Watch the physical metals and you will see there really isn't much of a drop in the prices.
This is NOT an implosion of any kind. People here really seem to have short memories. PMs can move breathtakingly on a day to day basis. In the crisis of '08, it was not abnormal to see swings of 10%. Please don't get hysterical over a 1.5% move and claim "blatant manipulation."
I was asking only because I saw other commodities also going down, not just PMs and so I was wondering what might be the cause of that.
Hopefully they go down before rebounding. Altho I will be depressed thinking about how I bought all my silver at around $28-9.
Cars (4 wheels, motor, enclosure) were around $1500 brand new in the 1950's.
Protect your purchasing power. They are stealing from everyone.
Dont give them any ideas!Also brought up to me recently: They tax your real estate yearly, but not your precious metals.
Hopefully they go down before rebounding. Altho I will be depressed thinking about how I bought all my silver at around $28-9.

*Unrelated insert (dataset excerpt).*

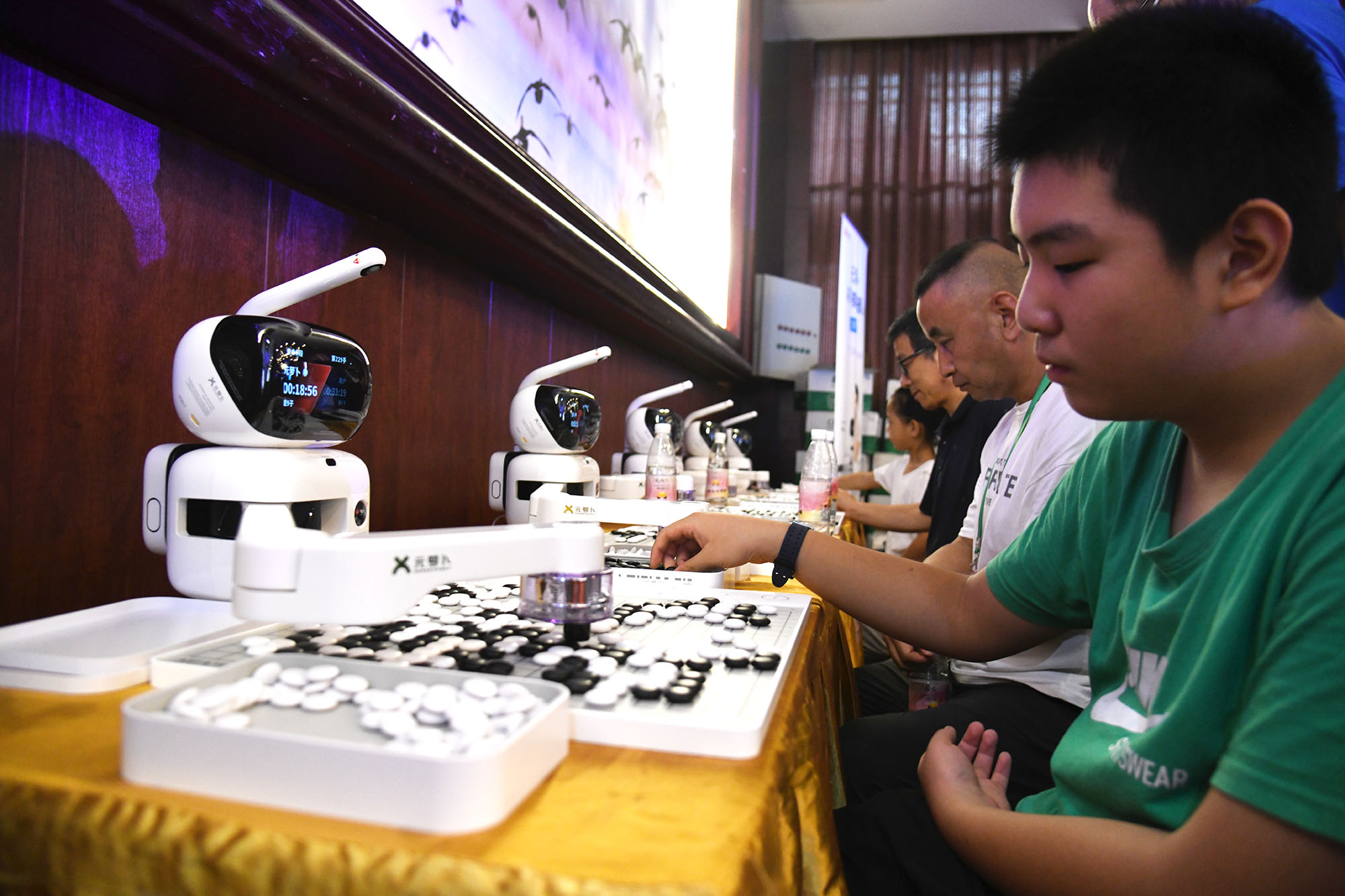 ?8月15日上午,圍棋棋手們在賽事間隙,和機(jī)器人對弈,增添不少樂趣。在2023中國淮陽第二屆“荷花杯”全國業(yè)余圍棋公開賽的賽場邊,賽事方特意擺放五部圍棋機(jī)器人,供棋手們在賽事之余娛樂。工作人員介紹,這些圍棋機(jī)器人很強(qiáng)大,不上網(wǎng)聯(lián)機(jī)的情況下,它們具有業(yè)余圍棋三段水平,如果上網(wǎng)聯(lián)機(jī),則具有職業(yè)九段能力,人機(jī)大戰(zhàn),棋手們未必能贏了機(jī)器人。

Wasn't gold supposed to go to 1500 by Feb?
At 27$ silver, I am thinking there is maybe another 1$ drop in store for us.
Near the end of December I had stated that 25-27$ price range correction/consolidation would be 1) healthy 2) needed 3) An entry point/buy opportunity.
Even though the trend is down right now, there is a lot of support and 27 right now is proving the be hard to go lower. Silver hits 26.80$ and the market gobbles it up and pushed it back up.
Combine that with unprecedented demand for physical we are seeing the unravelling of paper markets and the Comex.
It wouldn't surprise me to see 30$ spot and 50$ physical by Sept 2011. A sizeable MONEY/SAVINGS position in physical PM's (as a % of assets) will put you in a very good position over the next half decade, or more.
It's going to get VERY bumpy and PM's will offer you some padding where you need it most.
Uhh crude production is peaked. oil is the best investment in the world at the moment
Scientists at the U.S. Geological Survey announced Friday that approximately 513 billion barrels of “technically recoverable” oil were found in the Orinoco belt region of Venezuela – twice as much as previously believed.
Outside the Middle East, the largest oil reserves in the world exist in Venezuela. The Orinoco region spans a 50,000-square-kilometer (19,305-square-mile) area in the eastern portion of the country. Nearly 20 foreign oil companies hold contracts there, according to the Latin American Herald Tribune.
BG's Brazilian oil find will 'dwarf' BP's strike in the US Gulf Coast
I've never believed that oil is a fossil fuel. I've never believed that anyone can predict peak oil (which Schlesinger convinced everyone was imminent in the late 70s, but now says is imminent today) and, if the wankers really believed the BS, their partners in crime would not have been building and selling 18 mpg vehicles for the past 1/2 century.
Despite the medias "no new finds since, blah, blah":
Even if one remains unconvinced about peak oil and the timing of it, these 2 latest finds doubles capacity in the short term.
Gold and silver are a different story, IMO.
Bosso
This is NOT an implosion of any kind. People here really seem to have short memories. PMs can move breathtakingly on a day to day basis. In the crisis of '08, it was not abnormal to see swings of 10%. Please don't get hysterical over a 1.5% move and claim "blatant manipulation."
I've never believed that oil is a fossil fuel. I've never believed that anyone can predict peak oil (which Schlesinger convinced everyone was imminent in the late 70s, but now says is imminent today) and, if the wankers really believed the BS, their partners in crime would not have been building and selling 18 mpg vehicles for the past 1/2 century.
Despite the medias "no new finds since, blah, blah":
Even if one remains unconvinced about peak oil and the timing of it, these 2 latest finds doubles capacity in the short term.
Gold and silver are a different story, IMO.
Bosso
Over the past several weeks there had been rumors that the reason for the precipitous drop in gold was primarily driven by a hedge fund liquidating its futures positions. This has now been confirmed: "Yeah, that was just me liquidating my spread position," Mr. Daniel Shak, [of SHK Asset Management] 51 years old, said in an interview. "I had a significant, fully margined position. The dollar amount of the gold liquidation was very small, it was just a lot of contracts."" Of course in the extremely jittery gold market, the kind of persistent marginal gross selling of contracts was all that was needed to spook week hands into a consistent dump of the precious metal, which as we pointed out was beyond overdone. Judging by this morning's jump in the precious metal SHK's liquidation is now over. Look for gold to resume its upward advance as investors realize that the gold dump was nothing more than an ongoing futures position liquidation.